George Smith

Personal information
- Full name: George Warren Smith
- National team: Canada
- Born: November 20, 1949 (age 76) Edmonton, Alberta
- Height: 1.73 m (5 ft 8 in)
- Weight: 68 kg (150 lb)

Sport
- Sport: Swimming
- Strokes: Freestyle, individual medley
- College team: University of British Columbia

Medal record
Men's swimming
Representing Canada
Commonwealth Games
| Gold medal – first place | 1970 Edinburgh | 200 m medley |
| Gold medal – first place | 1970 Edinburgh | 400 m medley |
| Silver medal – second place | 1970 Edinburgh | 4×100 m freestyle |
| Silver medal – second place | 1970 Edinburgh | 4×200 m freestyle |

= George Smith (swimmer) =

Canadian swimmer

George Warren Smith (born November 20, 1949) is a former competition swimmer who represented Canada at the 1968 Summer Olympics in Mexico City. Smith placed fifth in the event final of the 200-metre individual medley, fourth in the 4x200-metre freestyle relay, and seventh in the 4x100-metre freestyle relay. He also competed in the preliminary heats of the 200-metre freestyle and 400-metre individual medley, but did not advance.

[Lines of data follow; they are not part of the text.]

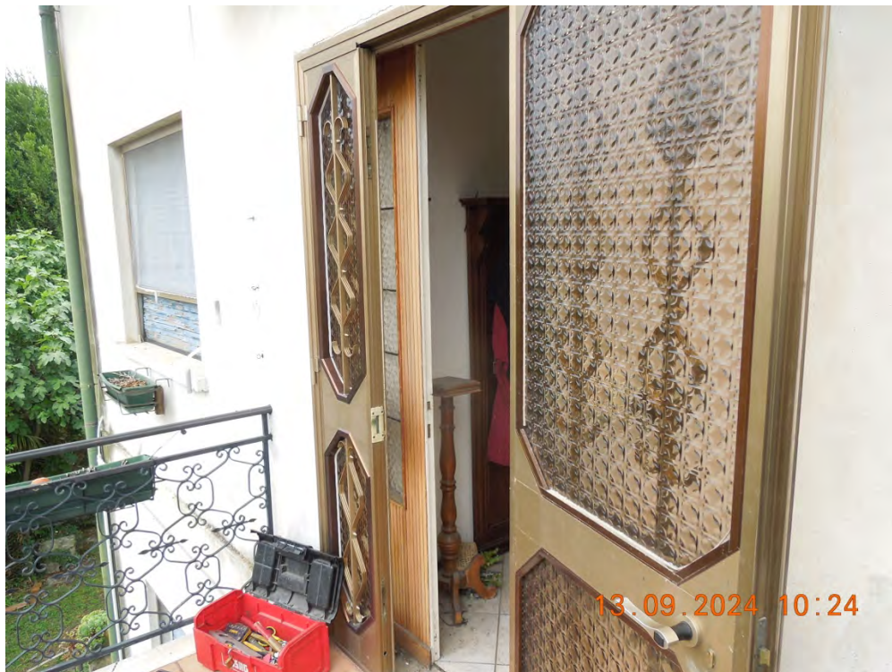
C.3 - Vista accesso esterno appartamento 1°p.
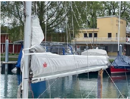
Grossegel mit ZipPack/Lazy Jacks von Elvström Sails
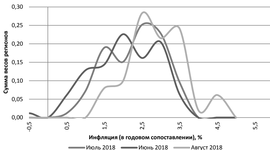
Рис. 3. Распределение регионов по вкладу в годовую инфляцию

Годовая базовая инфляция, а также медиана распределения годовых приростов цен повысились до 2,8% в сентябре. Повышения годовой инфляции наблюдается в большинстве регионов России, темпы прироста цен по федеральным округам находятся в интервале 2,6 – 3,9%. Региональная неоднородность темпов роста цен с июня 2018 г. продолжает снижаться (рис. 3), число регионов с относительно низкой инфляцией уменьшается.
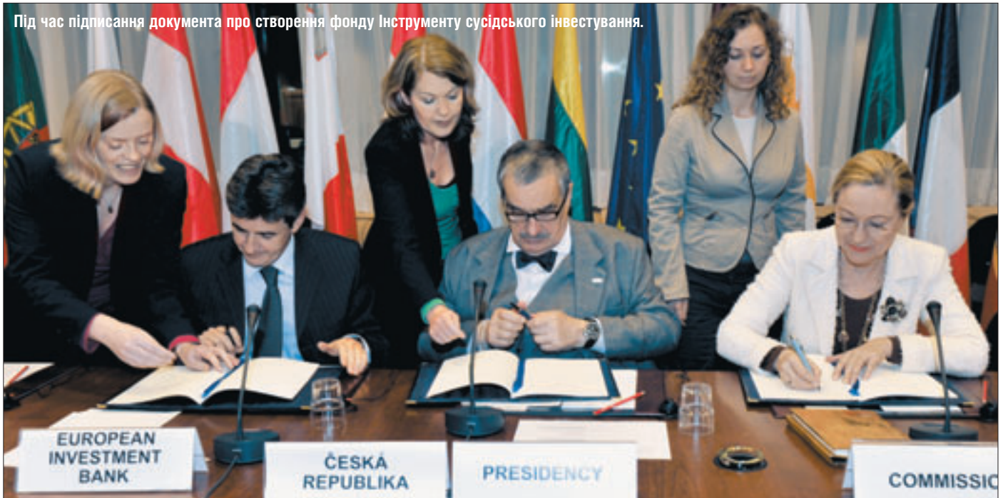
Під час підписання документа про створення фонду Інструменту сусідського інвестування.

ЗАСВІДЧИВ СВОЮ ЕФЕКТИВНІСТЬ У Єврокомісії підвели підсумок року діяльності Інструменту сусідського інвестування. Результати вагомі. 2008-го ЄС витрачено в рамках ICI 71 млн євро на підтримку інфраструктурних проєктів, що реалізувалися в країнах-партнерах у рамках Європейської політики сусідства.
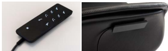
Kabelgebundene Fernbedienung Sessel 4-Motoren + Massage.
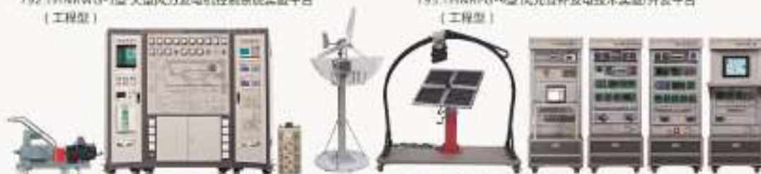
THNR5K-1型 双馈异步风力发电实验系统
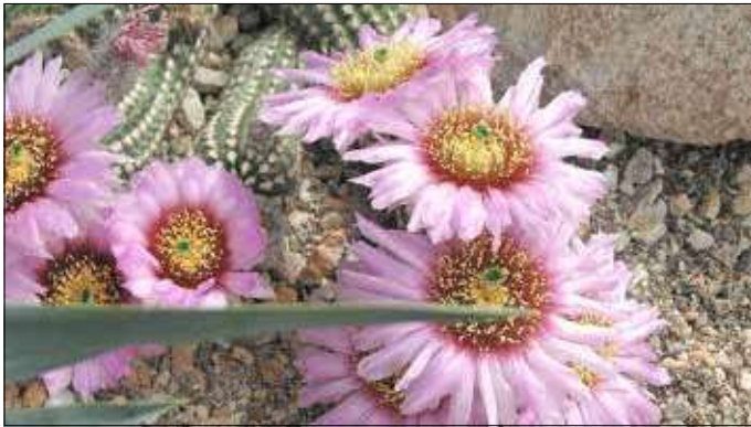
Echinocereus reichenbachii 2
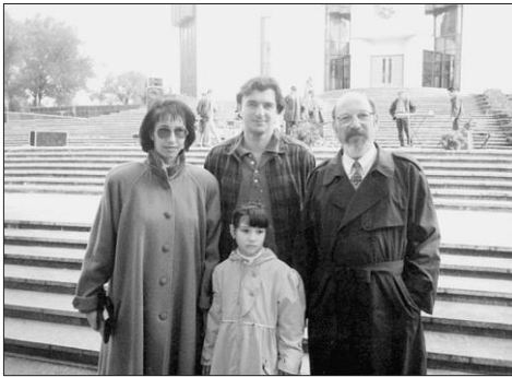
1997. Împreună cu familia la Ziua orașului, Chișinău
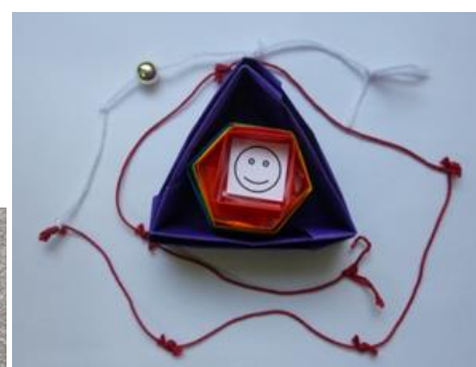
図-3 「環境」の入れ子状態

なお、環境カウンセラー登録者検索頁 https://edu.env.go.jp/counsel/list/ から辿る経歴等に誤りがあります。
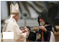
Le immagini della messa del Papa per gli armeni

At the 1970 British Commonwealth Games in Edinburgh, Smith won two gold medals in the 200-metre and 400-metre individual medley events. He also won two silver medals in the 4x100-metre and 4x200-metre freestyle relay events, sharing second-place honours with Canadian teammates Ralph Hutton, Robert Kasting and Ron Jacks in both relays. His brother Graham and sister Becky also competed in swimming.

Inducted to the Alberta Sports Hall of Fame and Museum in 1976.